Personal information
- Full name: Sam James Laity
- Date of birth: 3 July 1976 (age 49)
- Place of birth: Plymouth, England

Managerial career
- Years: Team
- 2013–2022: Seattle Reign FC (assistant)
- 2021: Seattle Reign FC (interim)
- 2022–2023: Houston Dash
- 2025: Angel City FC (interim)
- 2025–: Angel City FC (assistant)

= Sam Laity =

English football manager (born 1976)

Sam James Laity (born 3 July 1976) is an English football manager who is currently a senior assistant coach at Angel City FC in the American National Women's Soccer League (NWSL). He was previously an assistant coach for fellow American teams Houston Dash and Seattle Reign FC, where he also served as interim coach for a period in 2021.

== Early life ==
Laity attended university in Plymouth, England, where he began coaching girls' school programs for the Devon County Football Association. After completing his studies, Laity moved to the United States to continue his work in the sport. He worked as a coach for Seattle-area youth clubs Dos FC, Westsound FC, and Pacific Premier, was director of the Pacific Northwest Soccer Club in Tukwila, Washington, and worked as a regional staff instructor and coaching education and licensing coordinator for the National Soccer Coaches Association of America.

== Managerial career ==
===Seattle Reign (assistant and interim), 2013–2022===
Laity was an assistant coach for Seattle Reign FC, later renamed to Reign FC and OL Reign, from its inaugural season in 2013 until 2022. During his tenure, he was an assistant to Laura Harvey, Vlatko Andonovski, and Farid Benstiti, and served as interim coach for six matches after Benstiti's resignation during the 2021 season. He was also a coach in the Reign's academy system from its incorporation in 2016 to 2019.

===Houston Dash, 2022–2023===
On 21 December 2022, NWSL club Houston Dash hired Laity as head coach. On 6 September 2023, the Dash fired Laity.

=== Angel City FC, 2025– ===
On January 22, 2025, NWSL club Angel City FC announced along with their preseason roster, that they are hired Laity as interim head coach during their search for a new head coach after the departure of Becki Tweed.

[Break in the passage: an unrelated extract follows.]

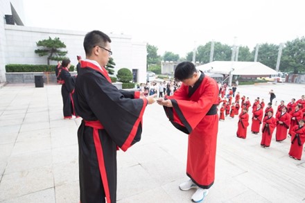 学生参加了由山东省文化馆举办的“中华传统敬师礼仪活动”。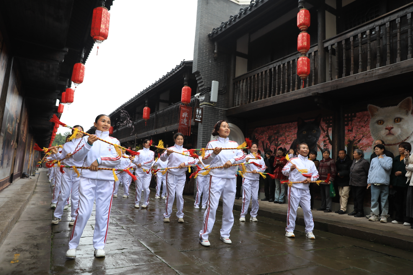 鼓点渐歇,精彩表演接踵而至,首先登场的是川剧非遗变脸表演,随着锣鼓声响起,演员振袖回眸、折扇轻挥,脸上的脸谱便在瞬息之间悄然变换,一张张色彩斑斓的脸谱交替出现,每一次变脸都伴随着雷鸣般的掌声与惊叹声,充分展现了川剧非遗的神奇魅力与独特风采。同时还有非遗连厢队惊艳亮相,队员们手持连厢棒,伴随着欢快的民俗曲调,迈着轻快的步伐翩翩起舞。

Laity is expected to remain in the role until June 1, 2025, when incoming head coach Alexander Straus begins their tenure, while Laity will remain on the coaching staff as a senior assistant coach once Straus arrives.

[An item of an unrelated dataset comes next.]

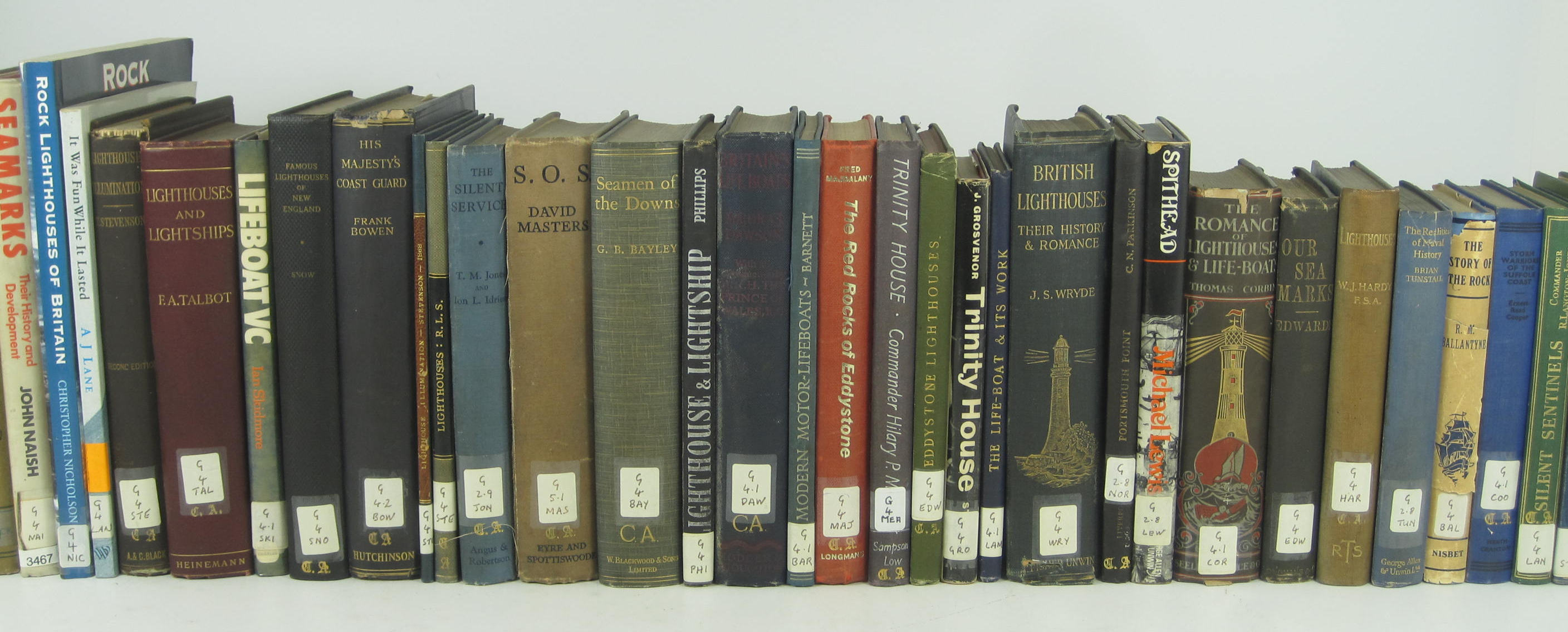 Some new arrangements for lighthouse illumination… Edinburgh, 1868; Stevenson, Robert Louis Notice of a new form of intermittent light for lighthouses. Edinburgh 1871; Edwards, E. Price Our seamarks, 1884; Hardy, W.J. Lighthouses, 1895; Wryde, J. Saxby British lighthouses..., [1913]; Edwards, E. Price The Eddystone lighthouses (new and old), 1882; Corbin, T.W. The romance of lighthouses & lifeboats, 1926; Stevenson, Thomas Lighthouse illumination... Edinburgh: Adam and Charles Black, 1871; Talbot, Frederick A. Lightships and lighthouses, 1913; and 23 others, Cruising Association gilt stamps and bookplates; sold not subject to return (32)

== Managerial statistics ==

Managerial record by team and tenure
| Team | From | To | Record |  |  |  |  | Ref. |
| P | W | D | L | Win % |
| OL Reign (interim) | 2 July 2021 | 8 August 2021 | 6 | 4 | 0 | 2 | 066.7 |  |
| Houston Dash | 26 March 2023 | 6 September 2023 | 24 | 6 | 8 | 10 | 025.0 |  |
| Total |  |  | 30 | 10 | 8 | 12 | 033.3 |  |

== Personal life ==
Laity is a fan of architecture and especially admires the Nelson-Atkins Museum of Art in Kansas City, Missouri, and structures in Boston, Massachusetts.